_SUPPLIED INFORMATION_:
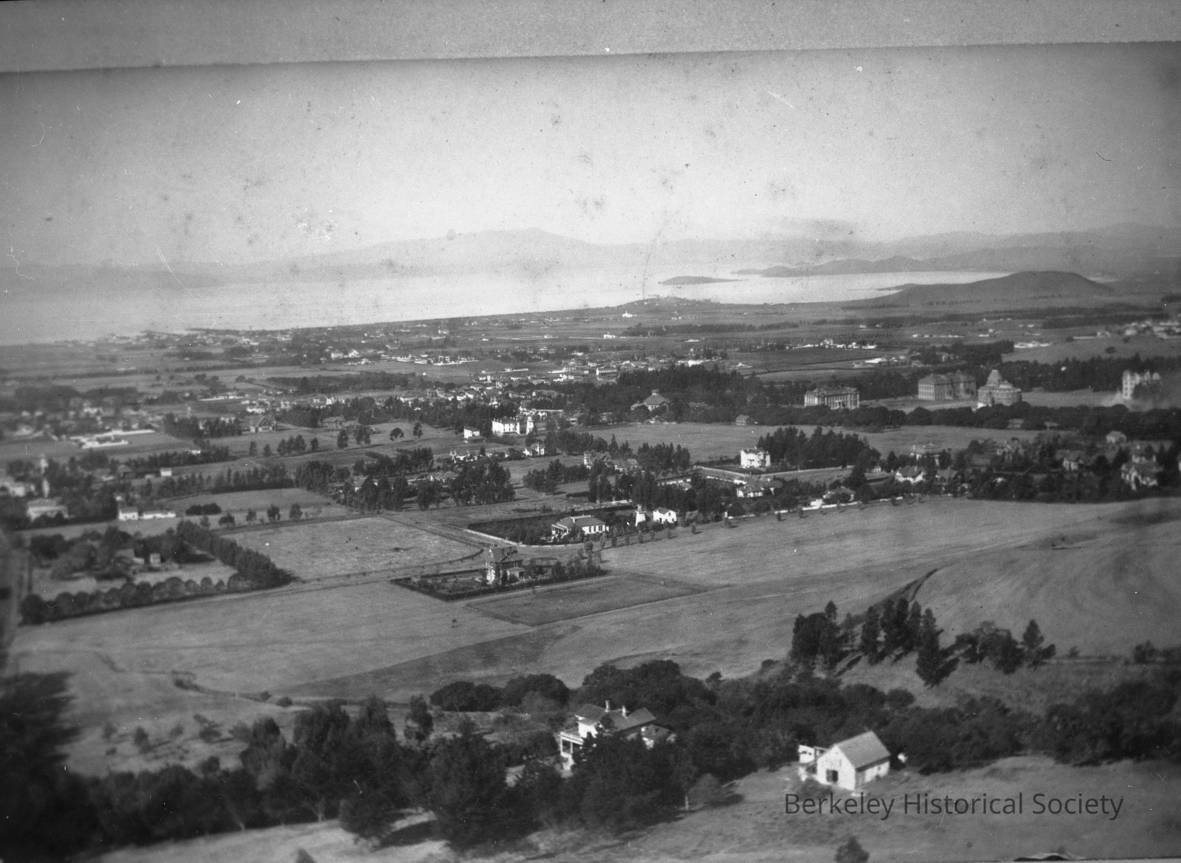 Scattered houses, agricultural fields, University of California buildings at right.
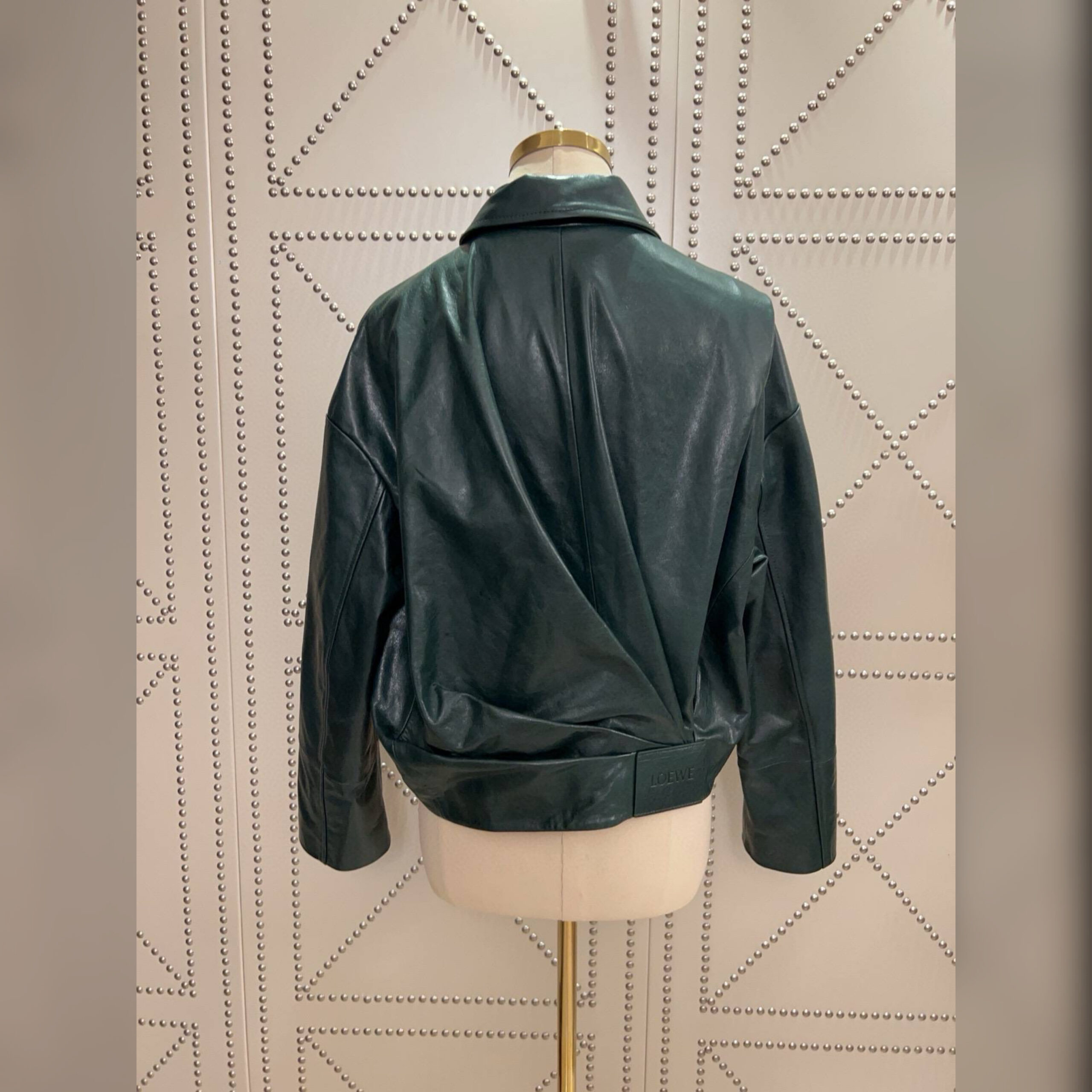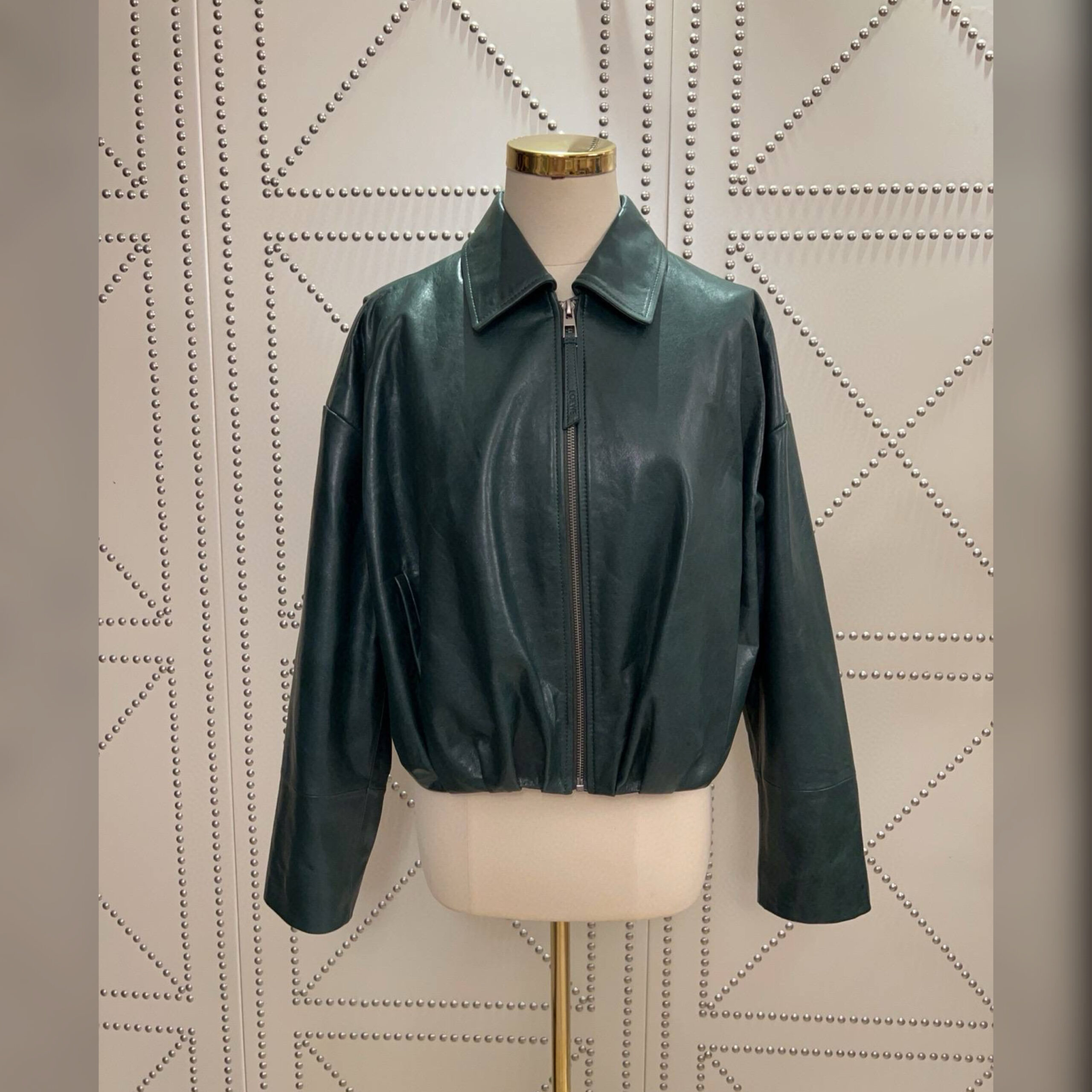 Куртку силуэта oversize будто позаимствовали из мужского гардероба. Модель, застегивающуюся на молнию, сшили из прочной мягкой кожи, фактуру которой подчеркнули деликатной полировкой. Укороченное изделие с отложным воротником дополнили драпировкой и кожаным логотипом марки сзади, а так же фирменным тиснением на пуллере.
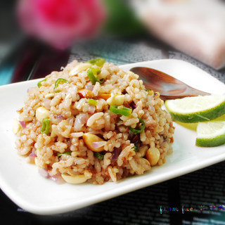 原料:哈尼梯田红米、花生、洋葱、矿泉水、香菜、细长辣椒、青柠檬、酱油、盐、芝麻油。
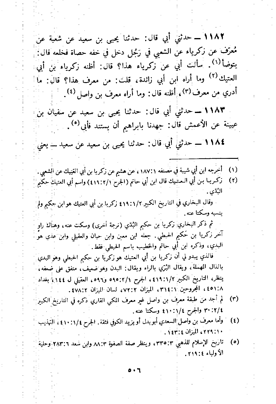 1182 - حَدثنِي أبي قَالَ حَدثنَا يحيى بن سعيد عَن شُعْبَة عَن معرف عَن زَكَرِيَّا عَن الشّعبِيّ فِي رجل دخل فِي خفه حَصَاة فخلعه قَالَ يتَوَضَّأ سَأَلت أبي عَن زَكَرِيَّا هَذَا قَالَ أَظُنهُ زَكَرِيَّا بن أبي العتيك وَمَا أرَاهُ بن أبي زَائِدَة قلت من معرف هَذَا قَالَ مَا أَدْرِي من معرف أَظُنهُ قَالَ وَمَا أرَاهُ معرف بن وَاصل

_TASK TO CARRY OUT_:
Every line of the listing should be repeated exactly; no picture should appear.

_WRITTEN RESPONSE_:
 Scattered houses, agricultural fields, University of California buildings at right.
 Куртку силуэта oversize будто позаимствовали из мужского гардероба. Модель, застегивающуюся на молнию, сшили из прочной мягкой кожи, фактуру которой подчеркнули деликатной полировкой. Укороченное изделие с отложным воротником дополнили драпировкой и кожаным логотипом марки сзади, а так же фирменным тиснением на пуллере.
 原料:哈尼梯田红米、花生、洋葱、矿泉水、香菜、细长辣椒、青柠檬、酱油、盐、芝麻油。
 1182 - حَدثنِي أبي قَالَ حَدثنَا يحيى بن سعيد عَن شُعْبَة عَن معرف عَن زَكَرِيَّا عَن الشّعبِيّ فِي رجل دخل فِي خفه حَصَاة فخلعه قَالَ يتَوَضَّأ سَأَلت أبي عَن زَكَرِيَّا هَذَا قَالَ أَظُنهُ زَكَرِيَّا بن أبي العتيك وَمَا أرَاهُ بن أبي زَائِدَة قلت من معرف هَذَا قَالَ مَا أَدْرِي من معرف أَظُنهُ قَالَ وَمَا أرَاهُ معرف بن وَاصل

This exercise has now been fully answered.